Once the line containing "A timeline of" is found in the records below, return it and each following line exactly, up to and including the line containing "The grand, Baroque", and nothing else.
### Provided data
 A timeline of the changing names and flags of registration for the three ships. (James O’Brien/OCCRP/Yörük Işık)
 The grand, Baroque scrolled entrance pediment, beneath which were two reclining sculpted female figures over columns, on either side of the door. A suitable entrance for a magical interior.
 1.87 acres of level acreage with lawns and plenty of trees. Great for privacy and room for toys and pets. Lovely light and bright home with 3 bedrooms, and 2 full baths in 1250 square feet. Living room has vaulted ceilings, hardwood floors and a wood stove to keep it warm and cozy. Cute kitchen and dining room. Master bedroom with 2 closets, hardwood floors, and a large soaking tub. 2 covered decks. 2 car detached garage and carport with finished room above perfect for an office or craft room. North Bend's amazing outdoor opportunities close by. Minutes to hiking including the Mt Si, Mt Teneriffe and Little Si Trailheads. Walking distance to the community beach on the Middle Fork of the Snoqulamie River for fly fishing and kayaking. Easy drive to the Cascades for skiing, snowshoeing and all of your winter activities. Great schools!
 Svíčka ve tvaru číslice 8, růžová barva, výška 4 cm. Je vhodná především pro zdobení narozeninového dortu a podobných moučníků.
######
### Provided data
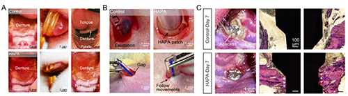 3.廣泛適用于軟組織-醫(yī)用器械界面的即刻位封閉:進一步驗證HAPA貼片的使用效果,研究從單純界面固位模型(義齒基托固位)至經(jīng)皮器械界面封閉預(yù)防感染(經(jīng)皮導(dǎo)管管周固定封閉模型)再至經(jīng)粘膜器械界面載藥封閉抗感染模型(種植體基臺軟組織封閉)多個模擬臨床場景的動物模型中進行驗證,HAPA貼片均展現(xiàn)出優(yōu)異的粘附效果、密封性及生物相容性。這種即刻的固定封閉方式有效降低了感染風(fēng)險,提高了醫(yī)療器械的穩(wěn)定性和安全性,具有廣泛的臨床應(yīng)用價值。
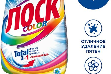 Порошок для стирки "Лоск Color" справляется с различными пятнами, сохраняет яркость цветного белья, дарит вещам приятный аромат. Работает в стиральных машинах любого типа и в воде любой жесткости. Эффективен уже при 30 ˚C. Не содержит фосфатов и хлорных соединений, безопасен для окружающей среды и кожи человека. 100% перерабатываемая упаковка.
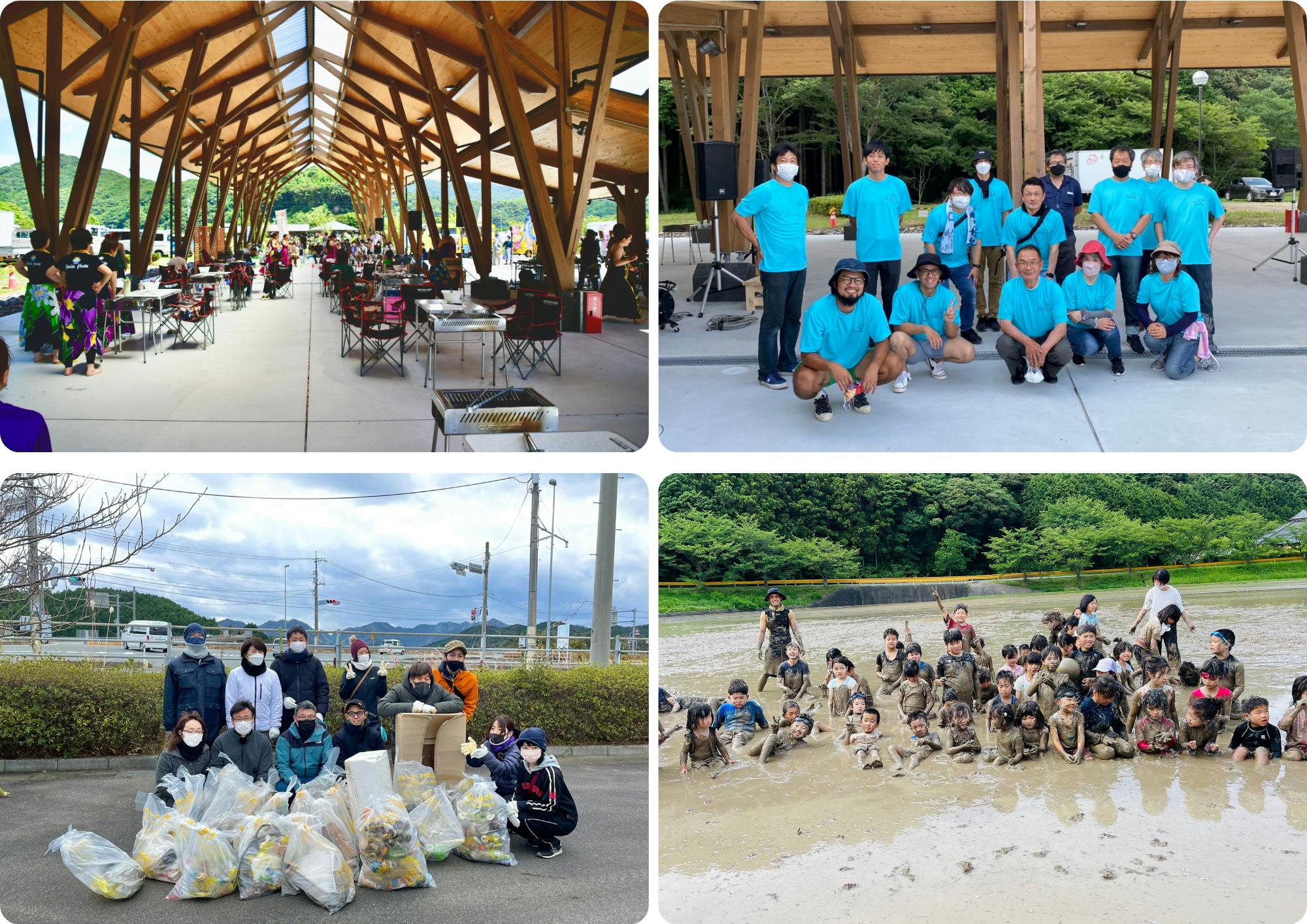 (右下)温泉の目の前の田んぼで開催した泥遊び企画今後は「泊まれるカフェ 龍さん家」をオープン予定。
######
### Provided data
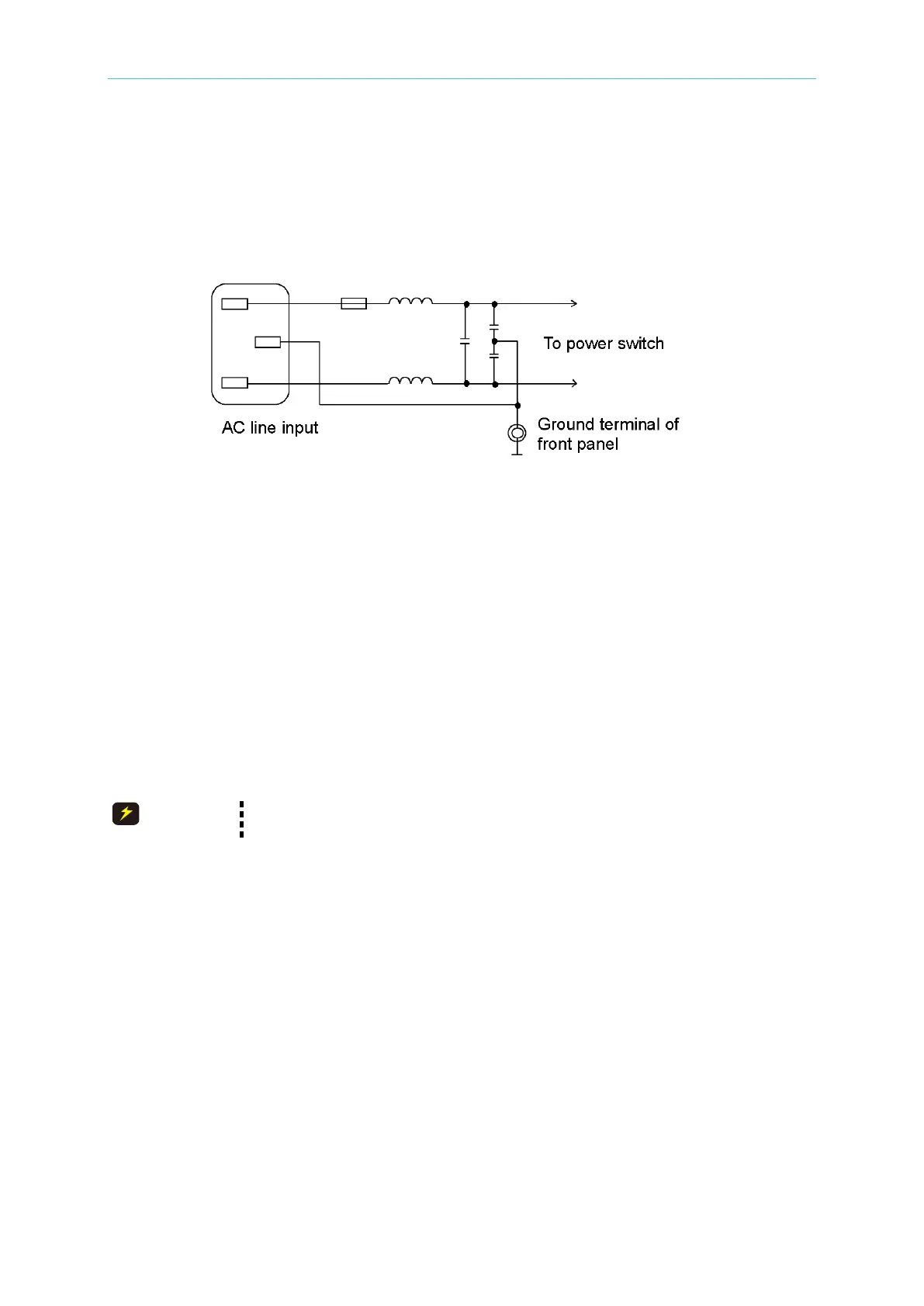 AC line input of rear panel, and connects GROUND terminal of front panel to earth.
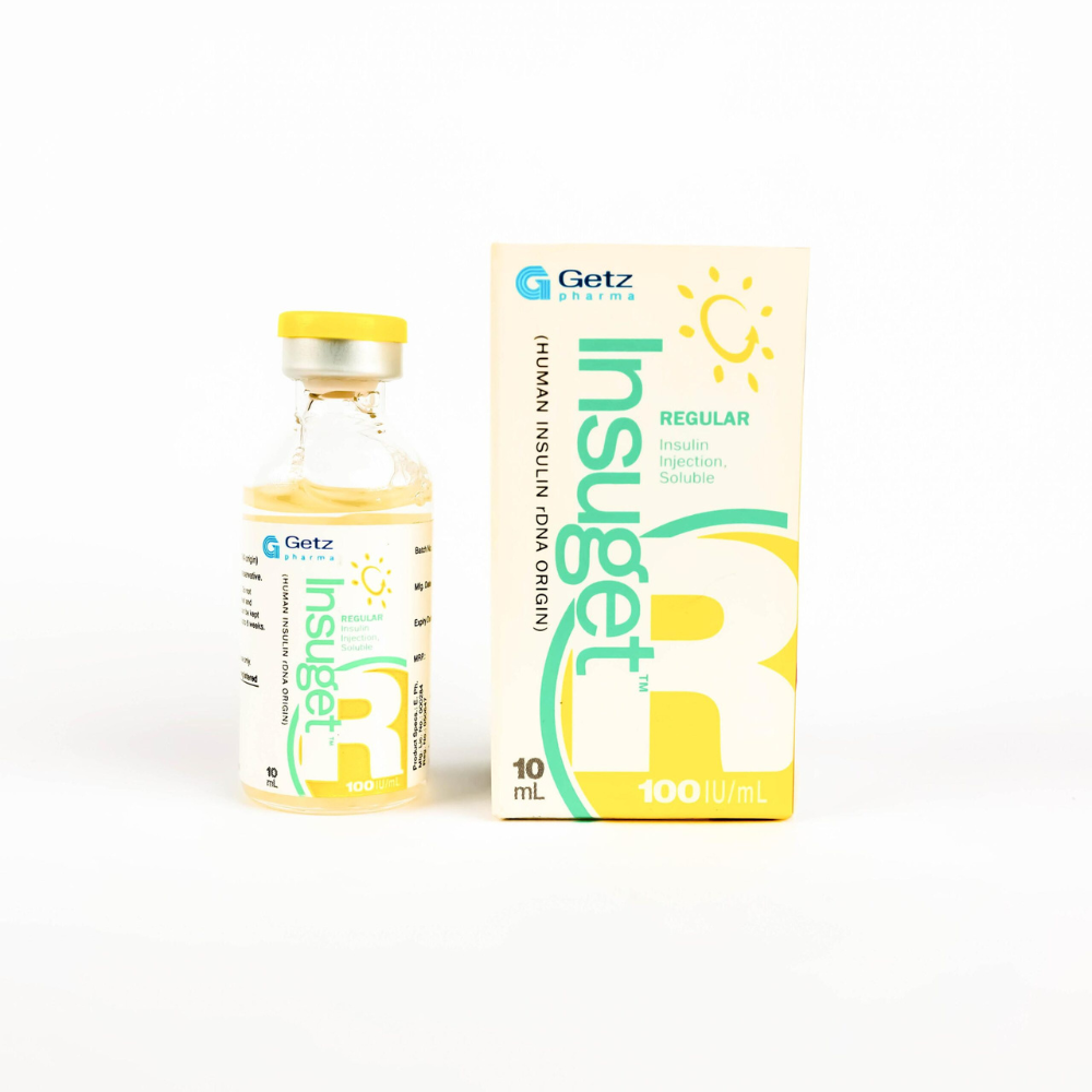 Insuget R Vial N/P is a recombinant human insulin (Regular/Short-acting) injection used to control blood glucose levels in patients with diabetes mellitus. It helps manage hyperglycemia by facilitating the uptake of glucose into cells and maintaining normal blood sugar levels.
######
[Output of the exercise]
 A timeline of the changing names and flags of registration for the three ships. (James O’Brien/OCCRP/Yörük Işık)
 The grand, Baroque scrolled entrance pediment, beneath which were two reclining sculpted female figures over columns, on either side of the door. A suitable entrance for a magical interior.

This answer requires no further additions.